|
|
|
|
|
by magv
2130 days ago
|
|
An interesting concern is that there often is no single piece
of code that has produced the results of a given paper. Often it is a mixture of different (and evolving) versions of
different scripts and programs, with manual steps in between.
Often one starts the calculation with one version of the code,
identifies edge cases where it is slow or inaccurate, develops
it further while the calculations are running, does the next
step (or re-does a previous one) with the new version, possibly
modifying intermediate results manually to fit the structure of
the new code, and so on -- the process it interactive, and not
trivially repeatable. So the set of code one has at the end is not the code the results
were obtained with: it is just the code with the latest edge case
fixed.

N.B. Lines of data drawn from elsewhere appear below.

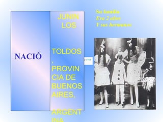 María Eva Duarte de Perón nació en 1919 en Los Toldos, Argentina. Trabajó como actriz en Buenos Aires antes de conocer a Juan Perón en 1944, con quien se casó en 1945. Eva participó activamente en la campaña electoral de 1946 y fue fundamental en la creación de la Fundación Eva Perón, que brindaba ayuda social. Desarrolló una carrera política pero enfermó de cáncer en 1950, falleciendo el 26 de julio de 1952 a los 33 años. Es recordada como una figura que cambió la historia de Argentina al defender los derech
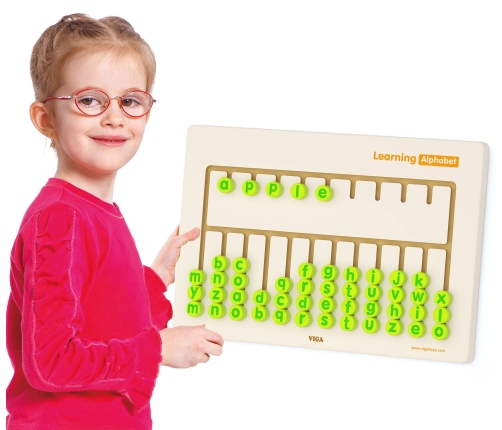 Nauka alfabetu Sensoryczna Tablica dla dzieci od lat 3 producenta Viga Toys. Sensoryczna tablica Nauka Alfabetu wprowadza dziecko w świat literek. Rozbudzą ciekawość i zachęcą do nauki czytania. Labirynt w którym zamieszkał cały alfabet, którego wesołe literki pomogą przy nauce literowania, sylabowania oraz czytania.
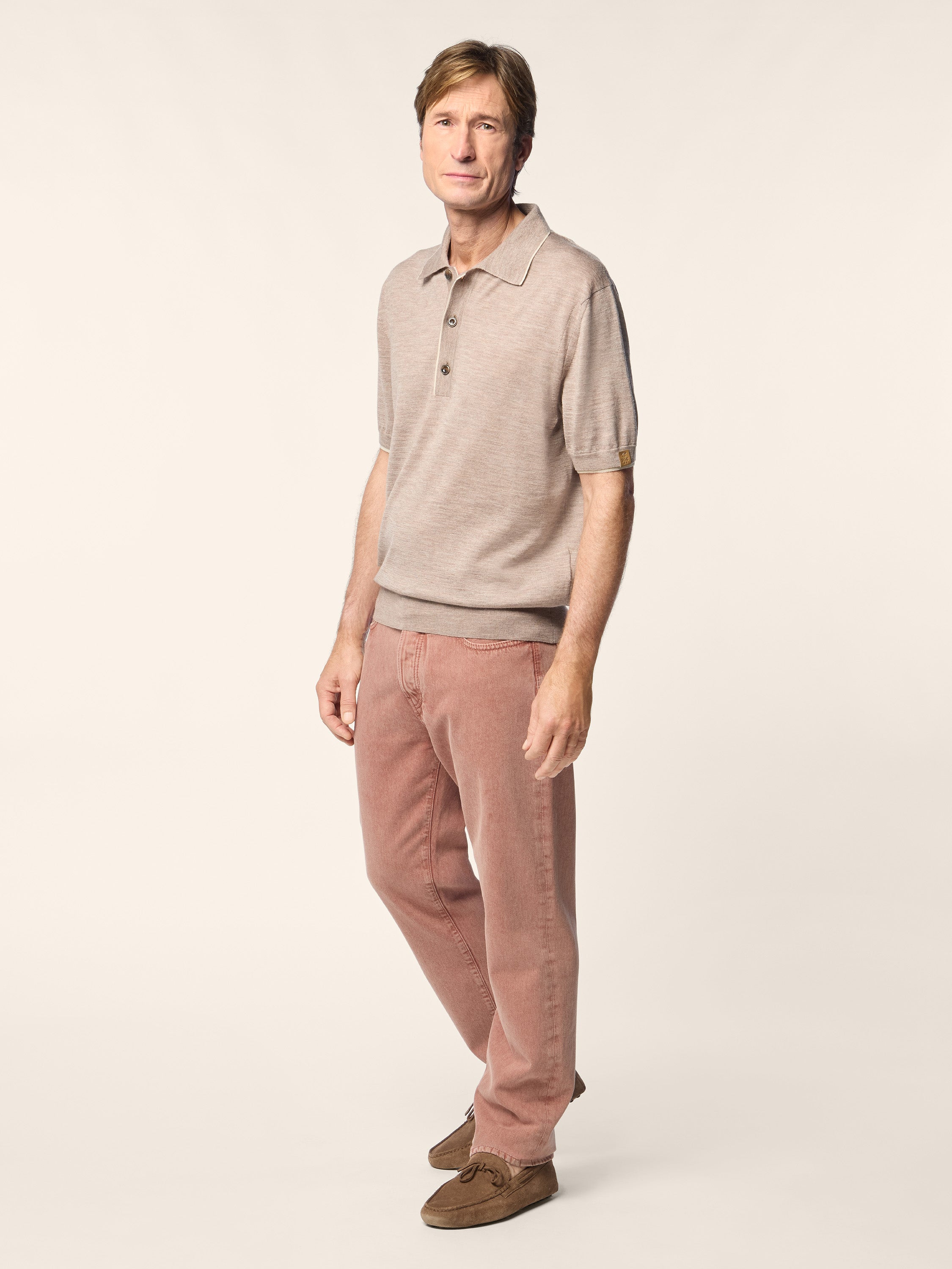 Polo Shirt in Dove Grey Melange Wool and Silk

Is it able to reproduce the parts of the results that were
obtained before it was written? One hopes so, but given that
advanced research may take months of computer time and machines
with high memory/disk/CPU/GPU/network speed requirements only
available in a given lab -- it is not at all easy to verify. |
|
The kind of interaction you're describing should be frowned upon. It requires the audience to trust the manual data edits are no different than rerunning the analysis. But the researcher should just rerun the analysis.
Also, mixing old and new results is a common problem in manually updated papers. It can be avoided by using reproducible research tools like R Markdown.